#### What is expected
Please retype exactly the lines from the one containing "Front: THE LODGE, VASSAR" through the end of the records, leaving out the pictures.

#### Extracted data
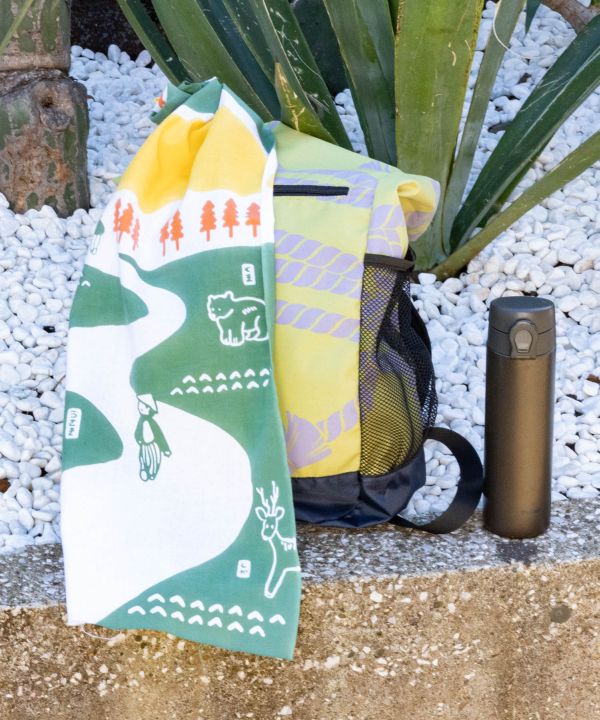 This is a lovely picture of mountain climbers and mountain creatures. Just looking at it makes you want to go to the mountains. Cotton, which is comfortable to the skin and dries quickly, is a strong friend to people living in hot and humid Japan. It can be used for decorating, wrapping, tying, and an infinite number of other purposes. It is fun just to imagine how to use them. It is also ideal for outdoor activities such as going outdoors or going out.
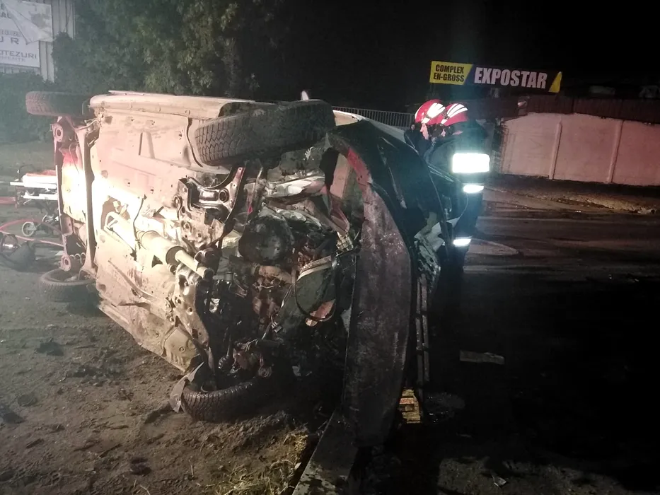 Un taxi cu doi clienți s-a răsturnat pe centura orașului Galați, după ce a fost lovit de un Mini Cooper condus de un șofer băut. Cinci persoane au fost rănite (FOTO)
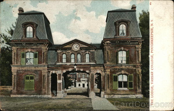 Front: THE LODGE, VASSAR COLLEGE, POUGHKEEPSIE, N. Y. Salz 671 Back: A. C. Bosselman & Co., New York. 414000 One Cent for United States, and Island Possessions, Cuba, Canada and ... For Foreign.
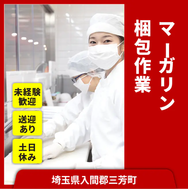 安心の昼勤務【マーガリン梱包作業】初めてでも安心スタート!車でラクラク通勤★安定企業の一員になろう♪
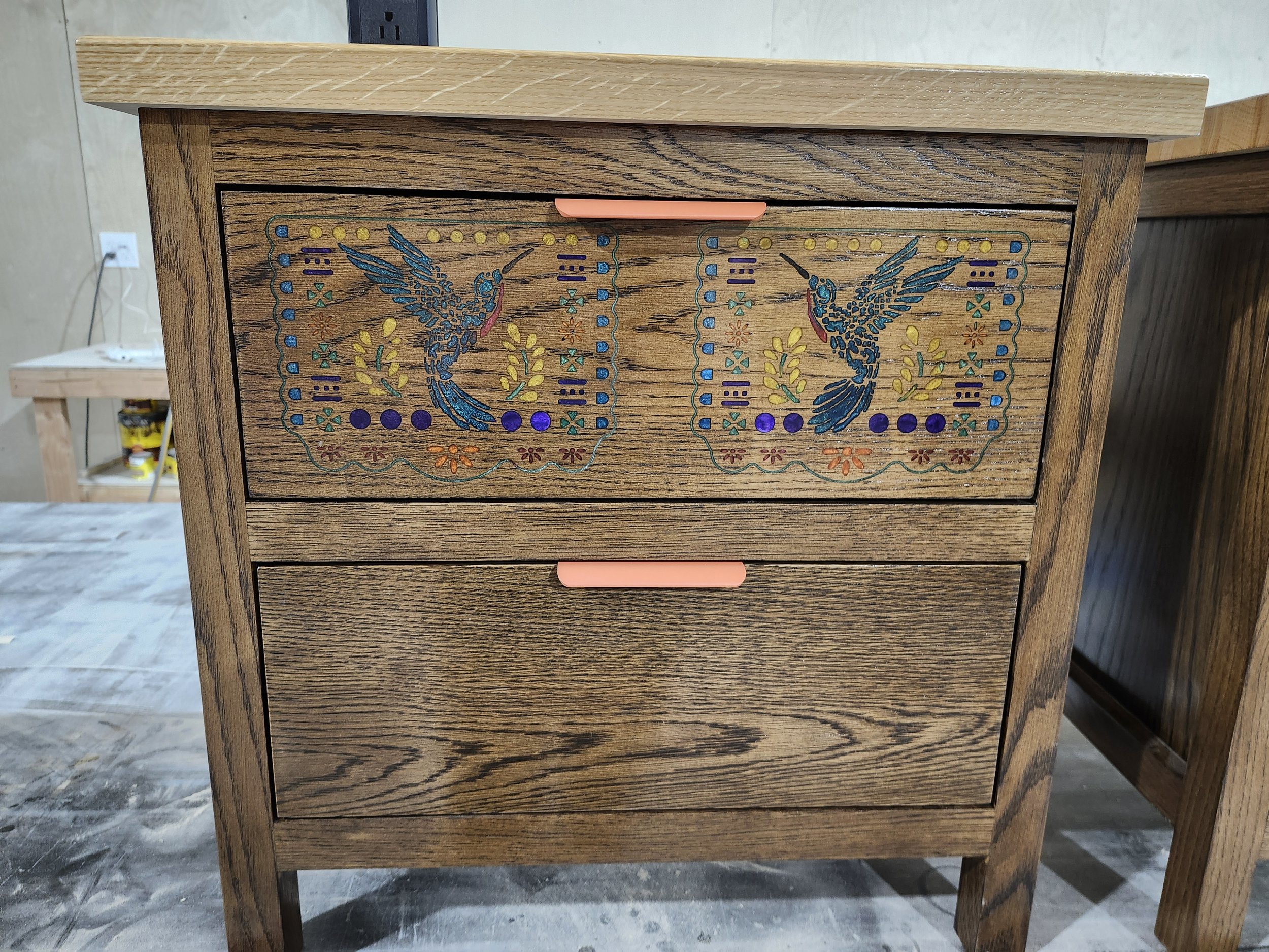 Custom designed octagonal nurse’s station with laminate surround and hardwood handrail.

#### Solution to this exercise
 Front: THE LODGE, VASSAR COLLEGE, POUGHKEEPSIE, N. Y. Salz 671 Back: A. C. Bosselman & Co., New York. 414000 One Cent for United States, and Island Possessions, Cuba, Canada and ... For Foreign.
 安心の昼勤務【マーガリン梱包作業】初めてでも安心スタート!車でラクラク通勤★安定企業の一員になろう♪
 Custom designed octagonal nurse’s station with laminate surround and hardwood handrail.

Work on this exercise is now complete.